Open Statistics is a field aiming to systematically study Open Statistical Data (OSD). The main idea behind Open Statistics is that we concentrate only on Open Data that are actually statistics. This is a large part of all Open Data but clearly not all Open Data are OSD.

Open Statistics mainly capitalise on existing knowledge on Open Data and mainly Open Government Data. The majority of the existing body of knowledge in those areas is applicable in Open Statistics although in some cases some precaution is necessary. In this environment, methods from three other areas are reused and in some cases redefined. These are Data Warehouses and OLAP, Statistics and the Semantic Web (mostly Linked Open Data).

Open Statistics reuse the concept of data cubes for OSD logical organisation. It shows how data are logically connected and not necessarily how they are physically connected.

Open Statistics also reuse Online Analytical Processing (OLAP) methods, such as slicing and dicing. In some cases however those methods are redefined since OLAP was initially introduced in a close environment. In Open Statistics we have the possibility of performing operations not needed before. For example, searching for similar data cubes in the same or different open data portal is an essential operation to overcome open data fragmentation.

Open Statistics involve analysing OSD with statistical methods, such as Pearson’s correlation, linear regression, and logistic regression, and techniques such as panel data analysis and even statistical learning analysis in order to explain or predict phenomena. In the context of Open Statistics the exploitation of these methods and techniques will be redefined.

Finally, Open Statistics capitalise on the Linked Open Data technology (LOD) and more specifically on the LOD implementation of the data cube model, termed RDF Data Cube (QB) vocabulary.
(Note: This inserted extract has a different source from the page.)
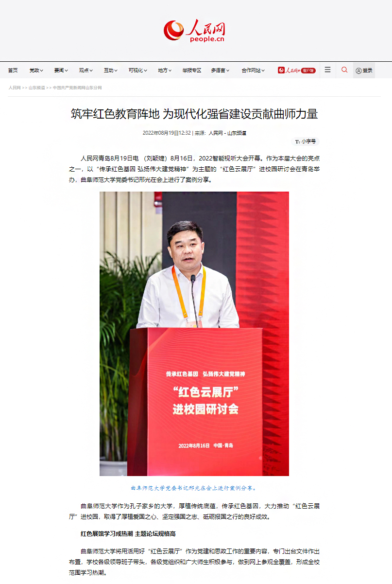 8月16日,由中央网信办、人民日报社、山东省人民政府指导,青岛市人民政府、山东省委网信办、人民网主办的2022智能视听大会开幕。作为本届大会的亮点之一,以“传承红色基因 弘扬伟大建党精神”为主题的“红色云展厅”进校园研讨会在青岛举办,人民网以《筑牢红色教育阵地 为现代化强省建设贡献曲师力量》《用活用好身边资源 让红色文化融进高校思政课》为题报道了米兰官方网站厚植传统底蕴、传承红色基因、推进立德树人的红色教育开展情况。

This provides the necessary technological infrastructure for Open Statistics.

6 Open Statistics Potential

Some of the most valuable methods that are used to exploit data include Online Analytical Processing (OLAP), correlation of cross-sectional data, time-series correlation, panel data analysis and creation of predictive models. These methods can also be used to analyse OSD.

OLAP refers to the technique of performing complex analysis over the information stored in a DW. The multidimensional nature of OSD allows performing OLAP on top of them in order to explore and get different views of the data. For example, OLAP can be used to view only selected part of data (slice or dice), to view a reoriented view of the data (pivot) or to navigate among different levels of the data along a specific dimension (drill-down or roll-up).

Cross-sectional data [15] provide observations of phenomena at a single point of time. Correlation of cross-sectional data can be, hence, used in statistics to measure and interpret the extent to which two measured variables are related to each other within a single point of time. Linear regression is the mostly used method to explore the correlation between two measured variables. Cross-sectional data correlation can be used to assess possible associations between different phenomena described by OSD e.g. unemployment rate and poverty rate in the UK in 2015.

Correlation can be also used to measure and interpret the relationship between measured variables over time. In this case, correlation is applied in data that are modeled as time-series. OSD can be easily formulated as time series data as they usually measure the same phenomenon at successive time intervals. Time-series correlation can then be applied in order to explore the relationship between different phenomena over time e.g. unemployment rate and poverty rate in the UK over the last ten years.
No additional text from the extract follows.